Often I happen to see, on the occasion of apostolic trips or other meetings, a difference in production methods: from the classic TV crews to the boys and girls who, using a mobile phone, know how to package news for a portal. Or even from traditional radios to full interviews carried out using a cell phone. All this shows that we are indeed experiencing a urgent transformation in the forms and languages of information. It is difficult to enter into this process of transformation, but it is increasingly necessary if we wish to continue to be educators of the new generations. I said it was difficult, and I would add that wise vigilance is needed. Indeed, “when media and the digital world become omnipresent, their influence can stop people from learning how to live wisely, to think deeply and to love generously. In this context, the great sages of the past run the risk of going unheard amid the noise and distractions of an information overload” (Encyclical Letter Laudato si’, 47).

There are no recipes, but I would like to underline three words: peripheries, truth and hope.

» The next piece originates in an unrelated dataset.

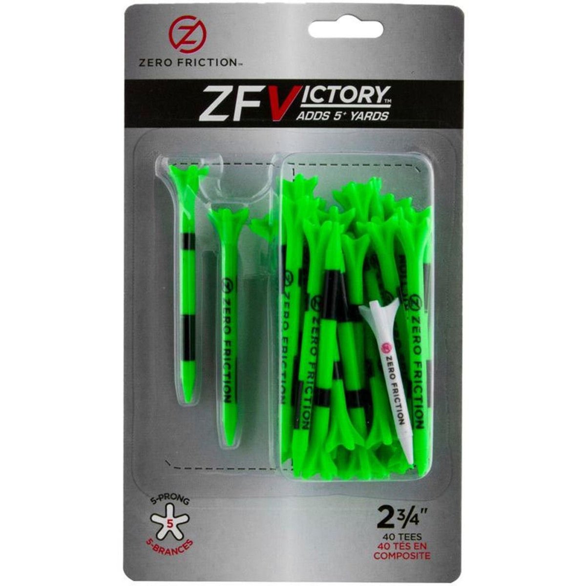 The Zero Friction ZFVictory 5-Prong Tees come in a pack of 40 total, at 2 ¾” in length. The specially designed 5-prong contoured performance cup allows for reduced contact area between the ball and tee resulting in longer, straighter drives. The ZFVictory 5-Prong Tees are constructed from a durable bio-composite material that attributes to its stability and rigidity when piercing the turf, as well as less breakage. Each pack includes a bonus 1 ¾” hybrid 3-prong tee.
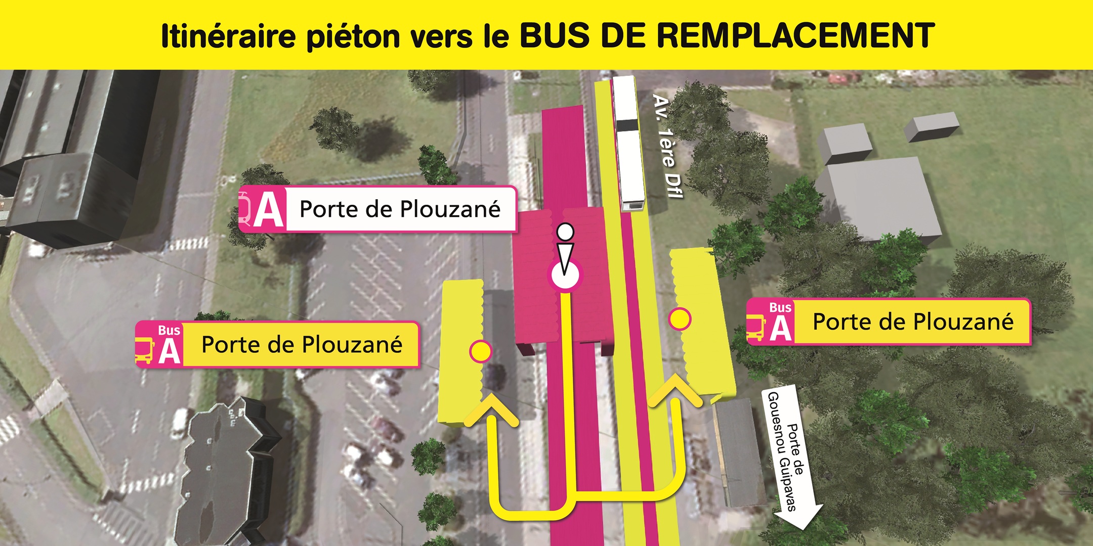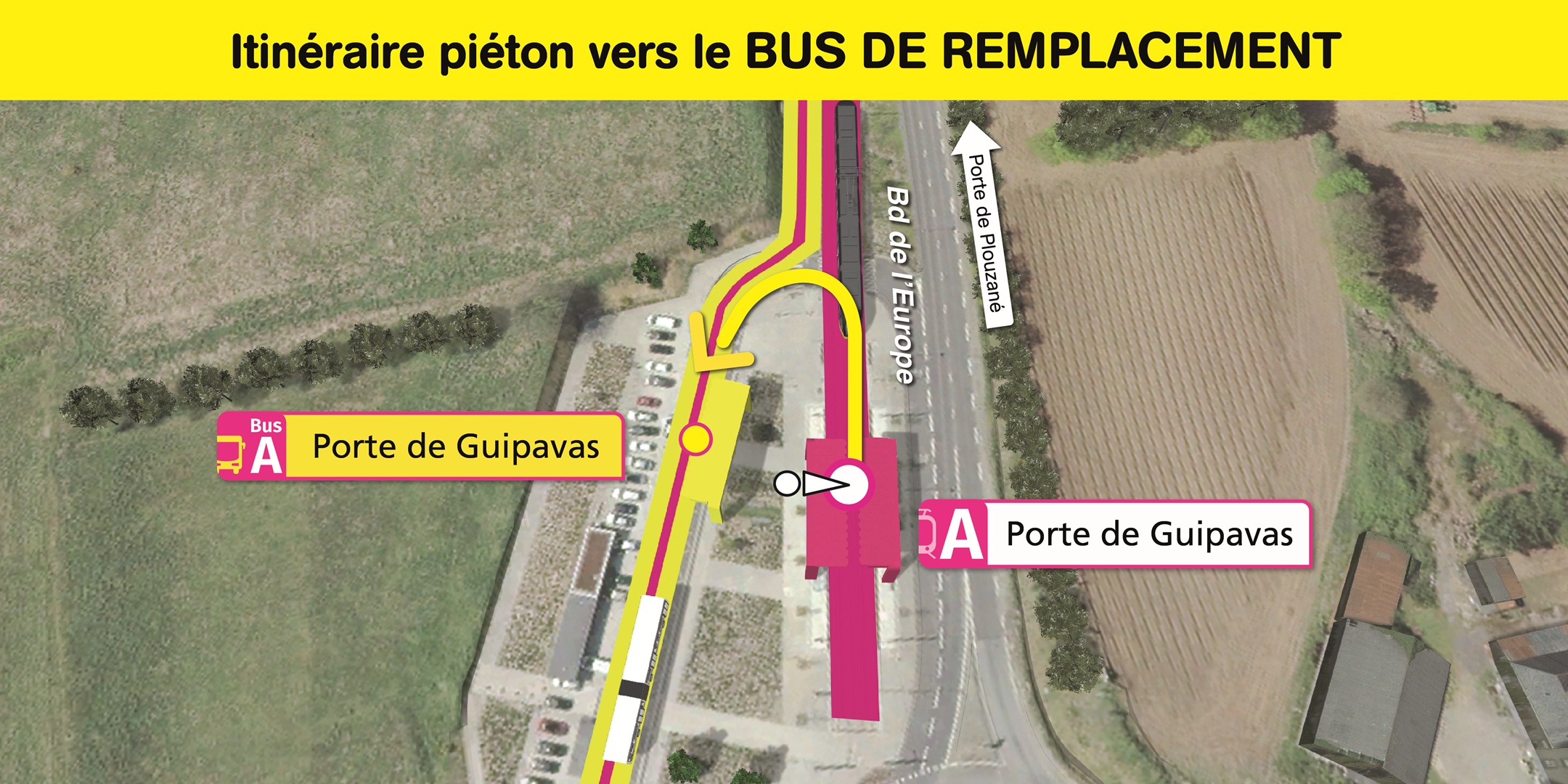 Les arrêts de bus de remplacement "Porte de Guipavas" sont situés à proximité immédiate de la station de tramway "Porte de Guipavas".

Peripheries. Very often, the nerve centres of news production are found in large centres. But this should never make us forget the stories of people living far away in the peripheries. They are at times stories of suffering and degradation; other times they are stories of great solidarity that can help everyone to look at reality in a renewed way.

Truth. We all know that a journalist is required to write what he thinks, what corresponds to his informed and responsible understanding of an event. It is necessary to be very demanding with oneself so as not to fall into the trap of logics of opposing interests or ideologies. Today, in a world where everything is fast, it is increasingly urgent to appeal to the troubled and arduous law of in-depth research, comparison and, if necessary, also of remaining silent rather than harming a person or a group of people or delegitimizing an event. I know it is difficult, but the story of a life is understood at its end, and this should help us to become courageous and prophetic.

Hope. It is not about telling of a world without problems: it would be an illusion. It is a matter of opening spaces of hope while denouncing situations of degradation and despair. A journalist should not feel satisfied with the mere fact of having reported on an event, according to his own free and conscious responsibility. He or she is called upon to keep open an space for exit, meaning, hope.ù

I conclude by recalling one of the initiatives that the Biagio Agnes Foundation, thanks to the tenacity of its president, is carrying forth: the Forum for scientific education, “Check-Up for Italy”, a project that arose from an idea of Biagio Agnes, with the aim of advancing medical and scientific issue through accurate information to counter the proliferation of “DIY” information and vague news that one increasingly finds on the web and which attract public attention far more than science. The Pontifical Council for Culture concluded an international congress on these very issues just a few weeks ago. In this regard, I would like to reiterate that “a broad, responsible scientific and social debate needs to take place, one capable of considering all the available information and of calling things by their name. It sometimes happens that complete information is not put on the table; a selection is made on the basis of particular interests, be they politico-economic or ideological” (Encyclical Letter Laudati si’, 135).

I thank you again and offer my congratulations to the award winners. And, please, remember to pray for me.